It's still not entirely clear what Arash Rahmanipour and Mohammad Reza Ali-Zamani's crime was. Rahmanipour's lawyer said he was already in jail on election day in June 2009, so he couldn't have been involved in the post-election uprising, she said.

But whatever their earthly crimes were, the two men executed last month were also accused of another offense far more serious than simply protesting against a government.

They were convicted of being "mohareb," enemies of God.

That is the worst possible crime in Shiite Muslim law, according to Abbas Milani, the director of Iranian studies at Stanford University.

The legal implications are clear, he said.

"A mohareb, according to Shiite law, is executed," he said.

That the regime is labeling its opponents enemies of God is a sign of how rattled it is by the protests, he said.

"They were completely caught off guard by the ferocity and extent of the opposition and they pulled out all the stops," he said.

Traditional accusations did not succeed in intimidating the protesters, he said.

"They accused them of working in cahoots with the United States and Israel. When it didn't work, they said you are mohareb," he said.

Legally, there's nowhere for the government to escalate from here, he added.

"I can't imagine them upping the legal ante," he said. "What you can do is increase the number of people they are executing in an in-your-face manner to bring terror to the people."

In fact, at least one other person is on death row for being a mohareb, according to the Tehran Judiciary as quoted by the semi-official Iran Students News Agency.

Labeling opponents of the government "enemies of God" is a relatively new tactic, said Iranian journalist Amir Taheri, who argued that religious tolerance was more traditionally Iranian.

"It was not like that the beginning of the revolution. The revolution was an Islamic revolution but they did not try to give a religious aspect," he told CNN's Hala Gorani.
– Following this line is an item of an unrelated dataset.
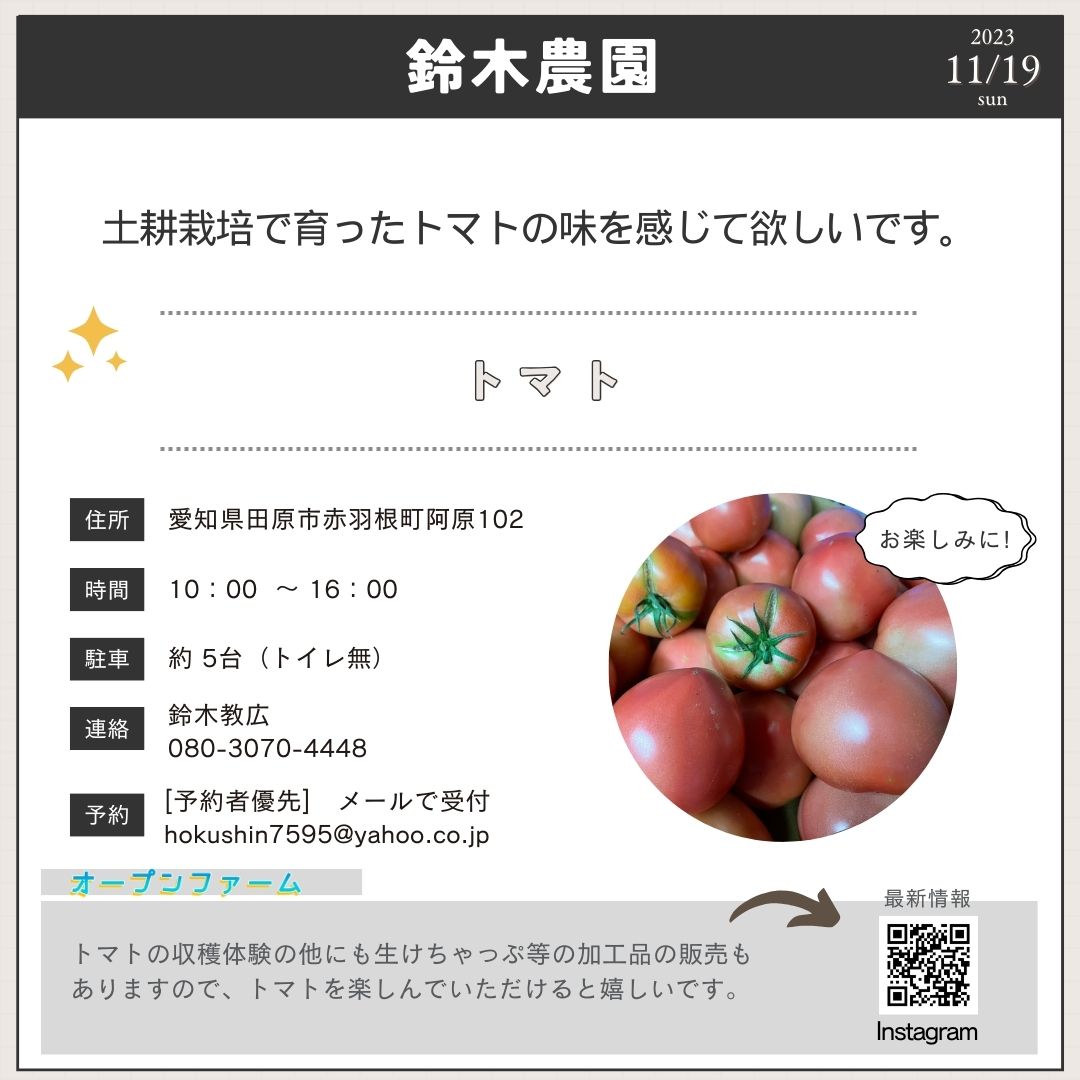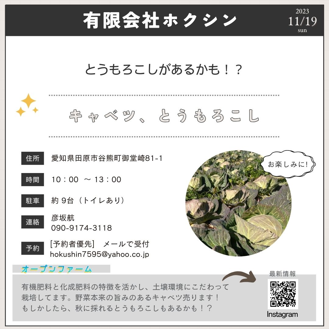 皆さんこんにちは。11月19日に、豊橋市と田原市でオープンファームが開催されます。
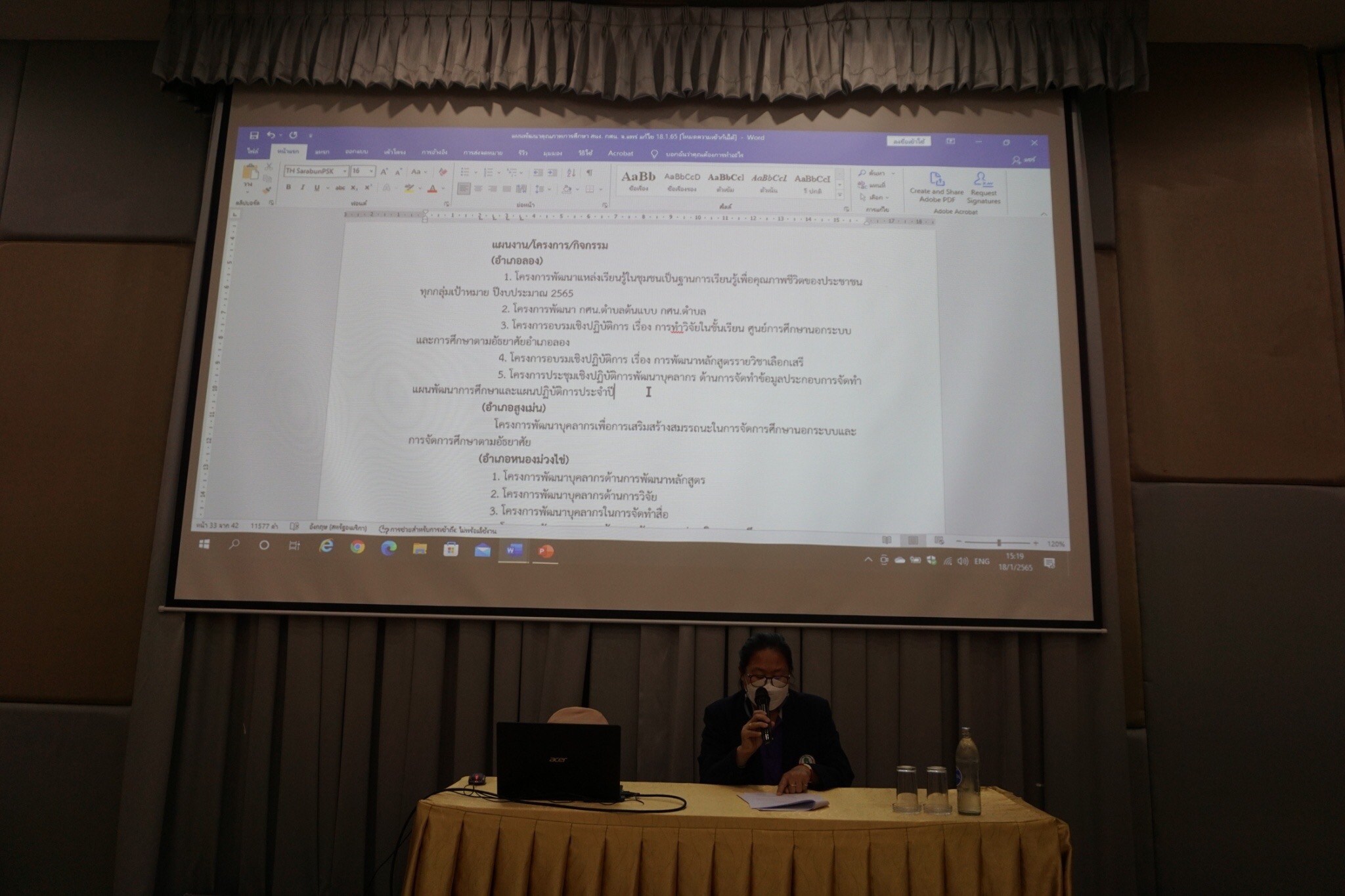 วันที่ 19 มกราคม 2565 นำโดยนางสาวรติรัตน์ อินต์ธะวิชัย ผอ.กศน.อำเภอลอง พร้อมด้วยนางอัจจิมา วรรณเลิศ ครูผู้ช่วย, นางสาวลัดดาวัลย์ ซุ่นฮะ ครูอาสาฯ, นายศุภวิชญ์ สวนจักร ครูอาสาฯ , นางขวัญวลี วงศ์ดาว ครูกศน.ตำบล และนายภาสกร ถาเงิน ครูกศน.ตำบล ร่วมประชุมเชิงปฏิบัติการการจัดทำแผนพัฒนาการศึกษานอกระบบและการศึกษาตามอัธยาศัย สำนักงาน กศน.จังหวัดแพร่ พ.ศ.2566-2570 ตั้งแต่วันที่ 17-19 มกราคม 2565 ณ โรงแรมน้ำทอง อำเภอเมืองน่าน จังหวัดน่าน

"Now unfortunately they are giving a very dangerous and arguably un-Iranian religious aspect to it by hating the Jews, hating the Baha'is, [using] anti-Christian propaganda, executing or even murdering some Sunni Muslim preachers," said Taheri, who fled Iran after the revolution.

The religious intolerance "is really completely new and this is one of the ugliest aspects" of the current regime, he said.

Milani said that even Ayatollah Ruhollah Khomeini, the founder of the Islamic regime, did not accuse his opponents of being enemies of God.

"In the early days of the revolution, Khomeini threatened to declare these people as mohareb, but I don't remember them ever passing a law that says if you go out and demonstrate, you are a mohareb," Milani said.

Khomeini leveled a different charge at his opponents, calling them "mofsed fel-Arz," or he who brings corruption, Milani said.

The charge was "introduced by Khomeini, and they killed thousands of people, but at that time even Khomeini was averse" to describing his opponents as mohareb, he said.

Using it now implicitly "beatifies Khomeini," Milani said. "They are making him a god."

It also could be a sign of panic on the part of the authorities, he said.

"It takes a lot of ... political insecurity to say if you don't do something I tell you to do, you are an enemy of God," he said.